После урока глава йешивы подозвал меня и сказал: «Я вижу по твоему лицу, что ты все еще находишься в затруднении! У тебя есть какие-нибудь доказательства, которые не позволяют тебе принять мои ответы?» Я стал с ним спорить, но в конце концов согласился с его мнением. Утверждение ми́го и мой спор с главой йешивы принесли мне репутацию «умного» и «дерзкого» – и интересно, что из всего того урока я помню лишь этот эпизод…

В йешиве я приобрел себе доброе имя: меня называли «старательным», «въедливым», «знатоком», а также «просвещенным»! В то лето я успел завершить трактат «Нашим» («Назир» и «Сота») и трактат «Незикин» («Швуот»{276} и «Авода Зара»). Я придерживался своего правила: два листа в день во что бы то ни стало! Лишь однажды я нарушил это правило по отношению к трактату «Бава Меция»: я изучал его уже в третий раз и очень хорошо его знал. Мне было достаточно лишь просмотреть темы обсуждения к урокам р. Хаима и связать их с комментариями Рамбама, которые я постоянно изучал («Сефер мишпатим»), – законы сдачи в аренду, законы, связанные с ссудами и залогами, и законы, регулирующие отношения должника и кредитора. Но несмотря на это, моя учеба претерпела сильные изменения. Занятия стали гораздо менее интенсивными, в особенности после праздника Шавуот, во время которого я познакомился с членами кружка «Черное бюро» и даже распространял их листовки.

За несколько дней до Шавуота в Ковну приехал мой дядя-раввин, р. Элиэзер-Моше Мадиевский. Я ничего не знал о его приезде, пока однажды утром, после урока р. Хаима, он не пришел в йешиву. Это был раввин весьма благообразной наружности, походка у него была быстрая, стремительная и уверенная, взгляд пронзительный, и весь он – живой пример «благообразия, дарованного Торой», и «Торы и величия в одном человеке». Он вошел и сразу же направился к столу, за которым сидел я.
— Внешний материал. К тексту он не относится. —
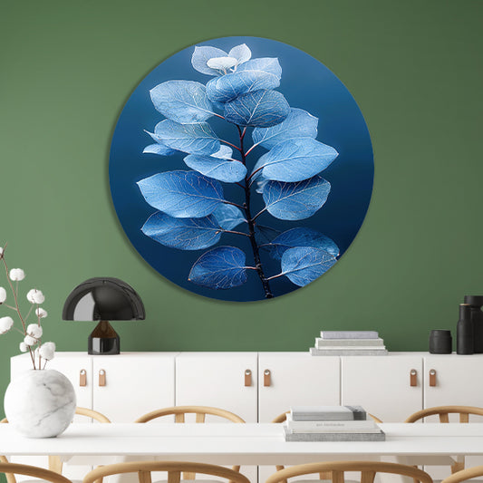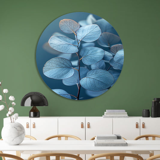 Blauwe eucalyptusbladeren in minimalistisch realisme aluminium muurcirkel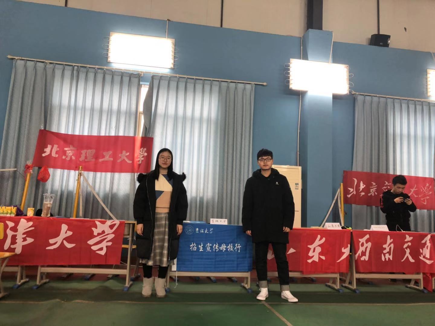 1月25日下午1:30,宣讲团队在莲塘第一中学提供的场地下,与来自全国各地的二十余所高校共同举办高校咨询会摆摊宣讲活动。彭博和卞思宇给到场的学弟学妹们发放了成人网址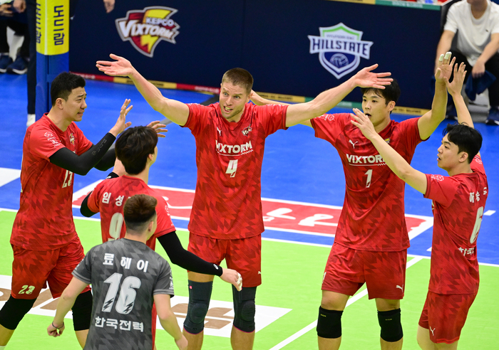 한국전력은 타이스가 공격 선봉에 섰다. 서브 3점을 포함해 18점으로 맹활약했다. 2라운드 MVP를 받은 임성진이 블로킹 4개를 묶어 14점으로 뒤를 든든하게 받쳤다.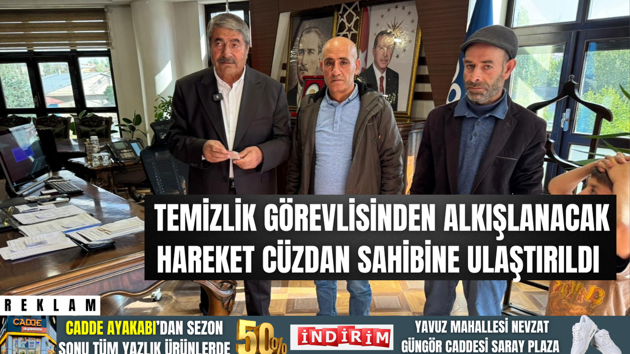 Ağrı’nın Patnos ilçesinde temizlik görevlisi olarak çalışan Mahsun Çengir, görevde olduğu sırada yerde bulduğu cüzdanı sahibine ulaştırılmak üzere Patnos Belediye Başkanı Abdulhalık Taşkın’a teslim etti. İçerisinde bir miktar para bulunan cüzdan, kısa sürede sahibine ulaştırıldı.

Я был погружен в свой урок и не заметил его, пока он не остановился прямо напротив меня, а рядом с ним надзиратель. Я чувствовал, что сам его приход в йешиву призван, во-первых, продемонстрировать всем его хорошее отношение ко мне и, во-вторых, показать мне, что тот кризис в отношениях со мной, который наступил у него зимой, уже прошел. Он пригласил меня к себе в гостиницу «Догмар» и попросил надзирателя позволить мне отсутствовать на занятиях йешивы во время его непродолжительного визита в Ковну, поскольку он хотел провести эти дни вместе со мной. Надзиратель дал свое согласие, ибо «великим не принято отказывать», а мне в эти дни предстояло выступить в роли «верного помощника мудрецов». Кроме того, он не мог отказать подопечному, который «столь прилежен, что мы порой беспокоимся о его здоровье».
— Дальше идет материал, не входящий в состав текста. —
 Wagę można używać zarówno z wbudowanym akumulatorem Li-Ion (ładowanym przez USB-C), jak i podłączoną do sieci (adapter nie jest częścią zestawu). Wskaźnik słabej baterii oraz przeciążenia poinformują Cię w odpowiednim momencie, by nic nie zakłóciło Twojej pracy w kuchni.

В течение нескольких дней я общался с дядей и со многими людьми, которые его навещали. Среди них был один юноша по фамилии Якобсон, сын раввина из Любавичей, и еще несколько местных глав семей: Моше Карпас, Шломо-Залман Ланде и Шимон Меркель. Также ежедневно приходил р. Яаков Липшиц, который был секретарем и «правой рукой» р. Ицхака-Эльханана, но после кончины своего патрона уже не имел былого влияния. По предложению Липшица, меня и Якобсона высылали из комнаты во время обсуждения общественных проблем, однако его инициатива несколько запоздала: из услышанного я уже успел понять, что дядя приехал в Ковну по поручению Любавичского ребе, Шолома-Бера Шнеерсона{277}, и что целью его визита было объединение всех «благочестивых и богобоязненных», хасидских цадиков и раввинов, а также верующих маскилим{278}, с тем, чтобы начать войну против сионизма. Было известно, что один из проживавших в Петербурге любавичских хасидов, очень богатый еврей по фамилии Монесзон{279}, пожертвовал значительную сумму денег в специальный фонд, предназначенный для борьбы с сионизмом. Идея заключалась в том, чтобы опубликовать в журналах прочувствованное обращение, под которым подпишутся величайшие из раввинов. Первым должен был подписаться раввин р. Давид Фридман{280} из Карлина. Он, правда, принимал участие в конференции в Катовицах{281} и даже был в свое время, много лет назад, известен как член организации «Ховевей Цион»{282}. Однако, насколько я успел услышать из этих обсуждений, теперь р. Фридман считался яростным противником сионизма, и его подпись, как полагали, будет иметь огромный вес. Вторым должен был подписаться раввин из Лодзи р. Хаим Майзель{283}, который был яростным противником «Ховевей Цион» и сионистов. После него должны были подписаться по порядку: раввин р. Хаим Соловейчик{284} из Брест-Литовска, р. Элиэзер Гордон из Тельши, раввин Хаим-Озер (Гродзенский) из Вильно. Из хасидов же должны были подписаться любавичский ребе и р. Мардехай-Давид из Горностайполя{285}, который в свое время был одним из самых известных хасидских цадиков.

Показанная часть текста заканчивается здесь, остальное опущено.